Aux Pays-Bas, la Public Library Vlissingen (2003) a mené une enquête similaire auprès d’élus municipaux, régionaux et nationaux. Pour eux, la principale fonction des bibliothèques publiques est essentiellement une fonction d’information (32,4%), une fonction culturelle (35,1% des répondants), une fonction sociale (13,5%; le pourcentage est plus élevé chez les élus des petites municipalités), une fonction éducative (5,4%) et autre (13,5%).
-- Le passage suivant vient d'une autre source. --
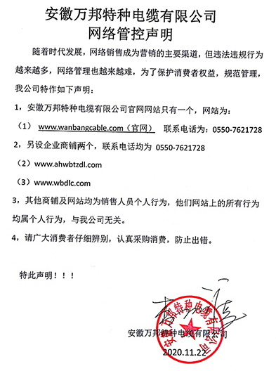鄭重聲明:安徽萬邦特種電纜有限公司官方網站為:www_wanbangcable_com.aeplfw.cn,除此之外無任何子網站或合作網站,其余均為假冒偽劣。電話:0550-7621728 13485756353 地 址:安徽省天長市滁州高新技術產業開發區經四路29號

La bibliothèque publique est largement reconnue comme un service public

essentiel (51,4% sont totalement d’accord et 48,6% sont d’accord), une institution essentielle dans une société démocratique (35,1% sont totalement d’accord et 64,9% sont d’accord), un service qui promeut l’inclusion sociale (21,6% sont totalement d’accord, 56,8% sont d’accord, mais 21,6% n’ont pas d’opinion). Par contre, le soutien à l’éducation n’est pas reconnu par les élus des Pays-Bas (18,9% sont d’accord mais 29,7% ne le sont pas, tandis que 51,4% n’ont pas d’opinion). La promotion de la liberté intellectuelle est débattue par les élus (51,4% ne sont pas d’accord, 8,11% n’ont pas d’opinion, tandis que 18% sont totalement d’accord et 21,6% sont d’accord). La capacité des bibliothèques à faire une différence dans la communauté est mise en doute par une majorité d’élus (70,3% ne sont pas d’accord, 8,11% n’ont pas d’opinion, 18,9% sont d’accord et 2,7% sont totalement d’accord). Les résultats sont donc mitigés : la bibliothèque est reconnue mais ses capacités le sont moins. Les élus des Pays-Bas apprécient plus ou moins leur participation au développement des bibliothèques publiques (2,7% extrêmement, 18,9% beaucoup, 56,8% raisonnablement, 21,6% un peu). Ceux qui n’apprécient pas mettent en cause un domaine pas assez innovateur et décisif à leur goût.

En Ouganda, Ikoja-Odongo (2003) a enquêté par questionnaire auprès de parlementaires et d’élus locaux. Pour ces derniers, la bibliothèque publique est une source d’information, de divertissement, un lieu de lecture et d’alphabétisation. Les élus voient la bibliothèque publique comme un service démocratique qui peut donner accès à l’information gouvernementale. L’auteur rappelle toutefois que les collections des bibliothèques publiques sont particulièrement désuètes.

En Australie, Smith (2004) a envoyé par courriel un questionnaire à l’ensemble des élus au niveau des municipalités et des États. Pour les élus municipaux, l’information et le divertissement sont les principales fonctions de la bibliothèque publique. Mais le rôle de centre communautaire est aussi important. Pour les élus au niveau des États, l’éducation et l’accès à l’information sont les fonctions principales de la bibliothèque publique. Pour tous, la bibliothèque est un service public essentiel qui soutient l’éducation, promeut l’inclusion sociale, la démocratie et la liberté intellectuelle. Les élus australiens reconnaissent la capacité des bibliothèques publiques à faire une différence dans la communauté.

Ces enquêtes menées sur la base d’un même questionnaire offrent des résultats variés en fonction des pays, mais aussi en fonction du niveau électoral des élus. Tous reconnaissent la bibliothèque publique mais ses fonctions varient.